Carl Junction, Mo., friend Tara Harris, a fellow Pittsburg High graduate, illustrated this beautifully recently with a photo she shared of an incredible sunset she had ventured out in single-digit temperatures to capture.
I also learned it firsthand after receiving an early morning message from Bob Mangile, a fellow Southeast Kansas birder and member of the Sperry-Galligar Audubon Society. He’d heard that trumpeter swans had been sighted in a field not more than 10 minutes from my driveway.
The magnificent white birds breed and nest in the north, but in recent years they have been spotted wintering here.
With a little coaxing and a promise that we could stay in our pajamas, I piled Hubby, the sons, the binoculars and my camera into the car to go find the swans. We returned home 45 minutes later empty-handed, so to speak.
But, I noted for the record, the swans just as easily could have been there, and we would have missed them had we not ventured out.
A few days later, Hubby and the sons requested a family hunting trip to our duck blind on the wetland we built last year.
I had a million good reasons not to go: I had worked a long week. There was laundry to be done. The bathrooms could use a good scrubbing. I had a good novel I wanted to finish. It was really windy. Blah blah blah.
“You never know what you might miss,” my older son reminded me.
When I realized it likely would be the last hunt of the season — in Kansas, the season ended Sunday — I agreed and pulled on my camo and boots.
Fifteen minutes later, our car was parked by the side of a Southeast Kansas highway, and my camera was focused on five beautiful trumpeter swans resting in an agricultural field.
It was a thrill to be able to add them to our life list.

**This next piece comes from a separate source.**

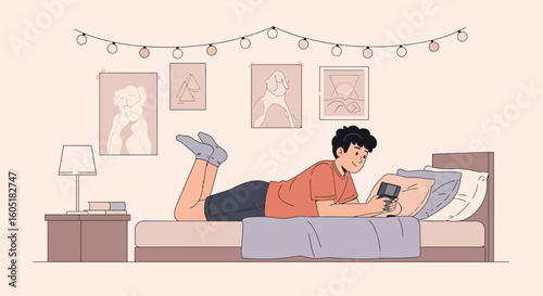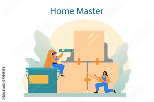 Daily life. Young woman doing makeup in the morning, flat vector illustration. Daily morning routine, everyday activities, beauty habits.

Thirty minutes after that, I was holding hands with an 8-year-old and a 13-year-old as we waded knee-deep across eight acres of water to our blind.
And an hour after that, we had settled in with our duck calls and our snacks and were watching a live duck show the likes of which we’d never seen: flocks of hundreds of mallards at a time coming in to land on the water, wings set against the wind.
I also got to see my older son harvest his first duck, which we later proudly enjoyed at our supper table.
That afternoon, I snapped plenty of photos to help us preserve our memories, including the last one of the day: a golden-orange sunset peeking between silhouetted trees.
The one photo I wasn’t able to take was one that will just have to remain in my mind’s eye: As I strained against the water and the high winds to haul our gear back to the truck, I turned and looked at our sons holding hands for support as they followed in my wake.
As I did so, I knew that I would blink and look back again and they’d be men, wearing much larger waders and likely not holding hands, but walking into the sunset together after a day in the blind.
My bathroom still could use a scrubbing, but I wouldn’t trade getting up and out and seeing the sights for myself for anything.